TASK STATEMENT —
For this exercise, retype all the data exactly and exclude every image.
==== DATA EXCERPT ====
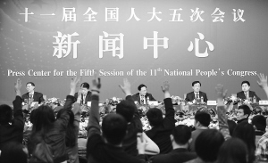 | 3月6日,财政部部长谢旭人等就“当前的财政政策和财政工作”等问题回答中外记者提问。 新华社记者 王鹏 摄 |
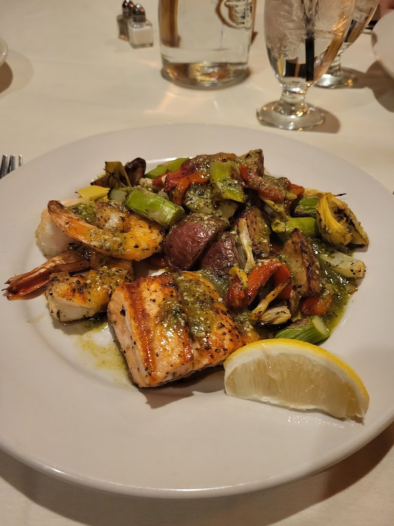 Our first time here. Stuffed mushroom appetizer was delicious. Mushroom bisque soup was tasty. Seafood trio consisted of lots of potatoes and red peppers, only 1 scallop, 2 shrimp, and a small square of salmon. It was hoping for more seafood for the price.
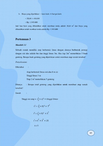 Jadi luas kain yang dibutuhkan untuk membuat tenda adalah 38,64 m dan biaya yang
====
RESPONSE AREA —
 | 3月6日,财政部部长谢旭人等就“当前的财政政策和财政工作”等问题回答中外记者提问。 新华社记者 王鹏 摄 |
 Our first time here. Stuffed mushroom appetizer was delicious. Mushroom bisque soup was tasty. Seafood trio consisted of lots of potatoes and red peppers, only 1 scallop, 2 shrimp, and a small square of salmon. It was hoping for more seafood for the price.
 Jadi luas kain yang dibutuhkan untuk membuat tenda adalah 38,64 m dan biaya yang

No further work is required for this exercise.